Semiconductors and Environmental Justice
A DISCUSSION OF
Sustainability for SemiconductorsIn “Sustainability for Semiconductors” (Issues, Fall 2022), Elise Harrington and colleagues persuasively argue that the CHIPS and Science Act of 2022 offers the United States a unique chance to advance national interests while decoupling the semiconductor industry from supply chain vulnerabilities, public health problems, and environmental hazards. The path the authors suggest involves improving industry sustainability by, among other actions, circularizing supply chains—that is, by designing with a focus on material reuse and regeneration.
But any industrial effort to circularize the supply chain will face an uphill battle without addressing competition policy concerns. Today’s large companies and investors seem to assume it natural to seek illegal monopoly power, regardless of its toxic effects on society. Some companies may claim consolidation as a cost of US technological sovereignty, but consolidation is actually a threat to national security. Achieving a circular supply chain will require innovative policies for competition and coordination of pre-competitive interests across use, repair, reuse, refurbishment, or recycling of semiconductors and destination devices. Securing downstream product interoperability, rights to repair, and waste and recycling requirements would be a promising start.

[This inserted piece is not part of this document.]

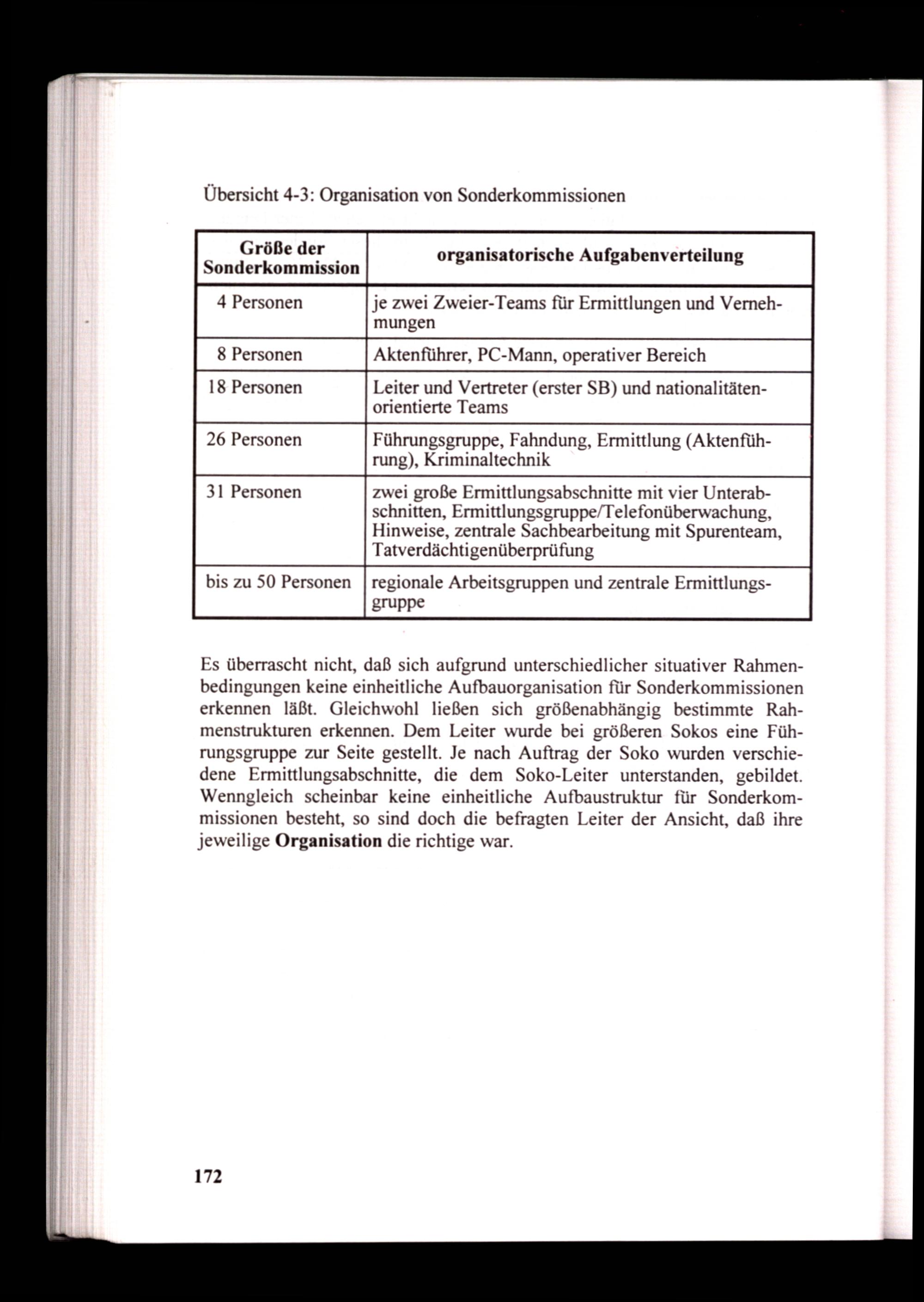 Es überrascht nicht, daß sich aufgrund unterschiedlicher situativer Rahmenbedingungen keine einheitliche Aufbauorganisation für Sonderkommissionen erkennen läßt. Gleichwohl ließen sich größenabhängig bestimmte Rahmenstrukturen erkennen. Dem Leiter wurde bei größeren Sokos eine Führungsgruppe zur Seite gestellt. Je nach Auftrag der Soko wurden verschiedene Ermittlungsabschnitte, die dem Soko-Leiter unterstanden, gebildet. Wenngleich scheinbar keine einheitliche Aufbaustruktur für Sonderkommissionen besteht, so sind doch die befragten Leiter der Ansicht, daß ihre jeweilige Organisation die richtige war.

Further, building a strong and sustainable semiconductor industry should not come at the expense of public and environmental health. Attention to environmental justice must be front and center. The European Commission is advancing a novel approach to regulating economic activities for sustainability through the principle of “do no significant harm.” However, the Commission, as well as Harrington et al., fixates on negotiating quantitative, absolute environmental targets to arbitrate the harm of an industrial activity. Harm and its significance are subjective and contingent on the parties involved (and the stage of the industrial lifecycle). Too often, research, development, and industrial policies end up simply becoming governments doling out permission to harm individuals and communities for the benefit of a few for-profit companies. Silicon Valley, with 23 Superfund sites, the highest concentration in the country, has a lot to answer for on this front.
Finally, the United States should avoid a “race to the bottom” of state and local governments undercutting each other to secure regional technology hubs. Too often, relocation handouts siphon tax dollars from communities and schools to attract corporations that prove quick to loot the public purse and leave to the next doting location. For example, the Mexican American environmental justice movement has noted how major semiconductor industries in New Mexico and Arizona regularly secured state subsidies yet provided few quality jobs and little community reinvestment, burdened communities with environmental wastes, and drained scarce water resources. To center environmental justice in semiconductor sustainability efforts, much can be learned from such highly effective good neighbor agreement efforts. Respecting small and medium-size industries, centering environmental justice, and fairly distributing the benefits of a semiconductor renaissance around the country would be not only good policy but also good politics, as shown in other industrial policy efforts. A sustainable semiconductor industry considering these strategies would be more likely to win political and public support and stand a better chance of genuinely benefiting the nation and its people.